US Agency revenue growth plummets in Q3 – the canary in the mine

With less than a week to go and Trump edging ahead in some polls, albeit possibly still behind with regards electoral college votes, there’s going to be some sweaty palms in financial markets. A month ago, a Clinton victory may have seemed like a slam dunk and indeed one bookie (Paddy Power Betfair) was reported to have started paying out on a Clinton victory as a foregone conclusion (Ooops?). Now with odds on a Trump victory being slashed to 2/1, it may be difficult for markets to focus on much else, given The Donald’s protectionist views and hostility to the Fed. That is a pity, as there is some useful data coming out of the tail end of the Q3 results season which suggests a weaker underlying economic performance in the US than the last GDP figures were suggesting, but may well be drowned out by the background noise.


In previous posts I have already highlighted a number of deficiencies with the headline GDP growth figure of +2.9% ‘real’ reported for Q3, which was pumped up by adjusting the deflator and supported by inventory build and soyabean exports to disguise slowing growth in disposable incomes. Excluding these one-off items and Q3 GDP would have been almost flat-lining!


After 8 years of supposed recovery, state and local tax receipts are also falling for personal income, consumption and corporate taxes.
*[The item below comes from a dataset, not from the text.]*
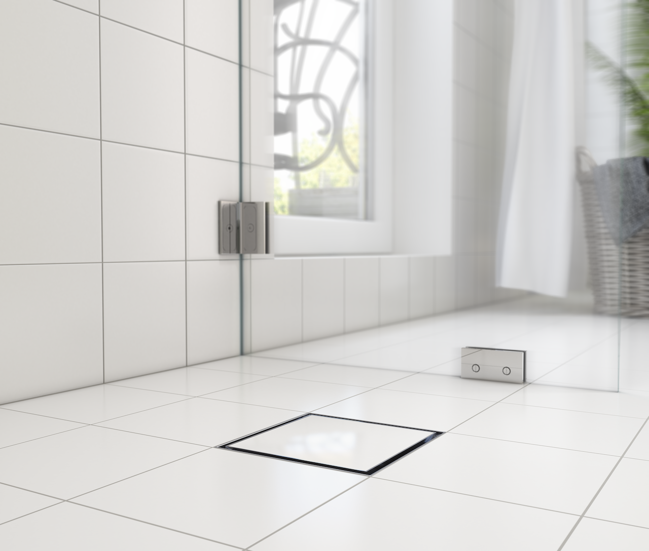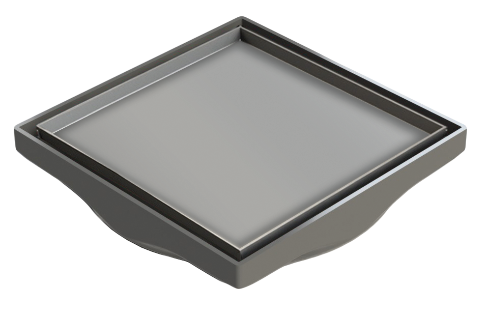 Kvadratisk designrist for flislagte gulv. Kan brukes på sluk med klemring i både plast og stål.
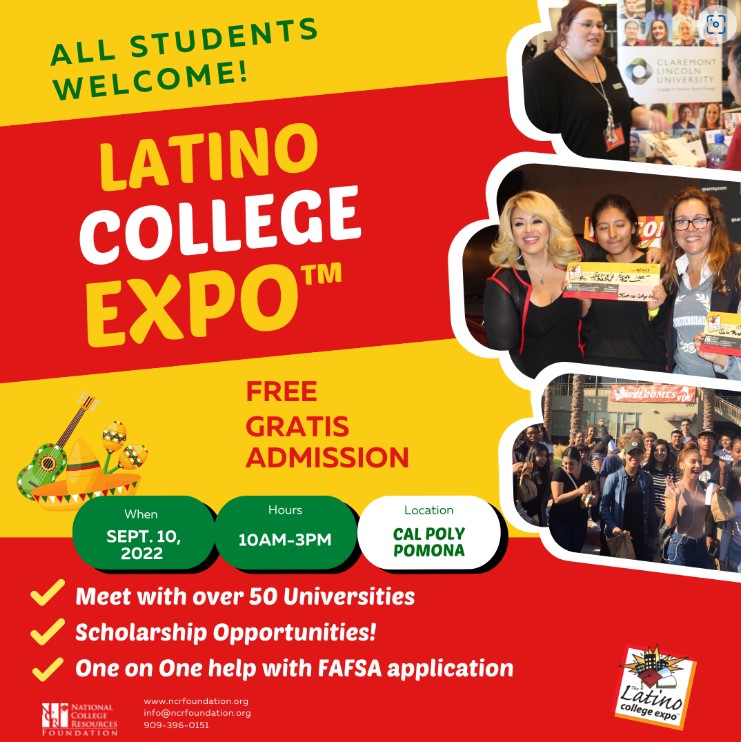 NORTH HOLLYWOOD, CA, UNITED STATES, September 2, 2022 /EINPresswire.com/ — National College Resources Foundation (NCRF), in celebration of “Hispanic Heritage Month” will host its 9th Annual Latino College Expo™, at Cal Poly Pomona, Bronco Student Center, 3801 W. Temple Ave., Pomona, California 91768 on Saturday, September 10, 2022, from 10 am – 3 pm (PST). The free event will allow students to gain access to colleges and universities, highlighting Hispanic Serving Institutions (HSIs), and other educational programs.

The one area where taxes are still rising is for local property taxes which reflect higher property values which in turn are a function of the super-low mortgage rates and availability which the Fed is now being expected to snuff out with a rate rise.


Behind the managed statistics for the deficit, there is a ton of stuff they regard as out of the ordinary and exclude, although these are anything but. If you follow the money (or should I say debt), then last year’s deficit was nearer 8% of GDP rather than the sanitised 3.2%.  I’ve seen this sometimes justified during the depths of a recession, but at the end of a ‘recovery’ cycle this is taking the reliance on controlling the World’s reserve currency to extremes.


On Friday, we get the non-farm employment data for October. With the tightening election outcome you may be forgiven to have other things to worry about, but these figures can provide a direct window on whether corporates are actually investing in growth or cutting and can act as the proverbial canary in the mine. While employment growth has picked up since stalling in May, it is still well below the rate of growth in jobs or average wage growth to suggest an impending inflation problem.


Another ‘canary’ is marketing investment. As well as stimulating credit and consumption, a low interest cost environment also improves the marginal returns from allocating additional capital to marketing budgets, making advertising media a major beneficiary of a low interest rate environment. It also makes them highly sensitive to a slowing outlook for consumption which might be doubly impacted by a rate rise.


While at least one CEO of a major marketing company has recently refuted suggestions of a slowdown in Q3 growth for US marketers, the data suggests otherwise.  Notwithstanding the quadrennial year support of US Presidential Elections, Olympics and footie, supposedly contributing an incremental +1ppts to US advertising budgets, this hasn’t protected organic revenue growth rates for the leading marketing agency groups. While the ‘palooza’ of client account moves last year have distorted the growth rates for individual agencies, as a group, these shifts will have evened themselves out. In the below chart I have therefore aggregated the top 4 agency groups and rebased in US dollars to gauge the underlying trends in US organic revenue growth for the third quarter in each of the last three years.  The data is clear, there has been a significant erosion in growth this year across all companies and as a group by a whopping -86% YoY for Q3 this year (from +$331m in Q3 2015 to only +$46m and +0.7% for Q3 of this year. Against Q3 of the previous year (Q3 2014), the shortfall is even greater, with this year’s Q3 down by -89%.



Slowdown? What's the data saying?

Slowdown? What’s the data saying?



What happens for US organic revenue growth for the leading marketing services groups, broadly reflects the wider US economy. While perhaps not as early an indicator as monthly non-farm payroll data, when both canary’s are singing the same song its often time to look for the exit.


Two strikes and you're out!

Two strikes and you’re out!


At first sight, two of the three data series seem to be holding up, with only agency US organic revenue growth hitting the dirt. Looking at the trends following the ending of QE3 however and another pattern emerges with declining peaks and troughs across all series. Having already established that Q3 GDP growth could be trimmed by -90bps from just the soyabean export one-off and more without the inventory build, then we are left with this coming Friday’s non-farm payroll data. Already with a declining and volatile trend, a shortfall here would sound the alarm bells. Add in a Trump victory, with all its protectionist connotations and a parting shot from the Fed with an interest rate increase and this doesn’t look like the time to go long on risk in one’s portfolio.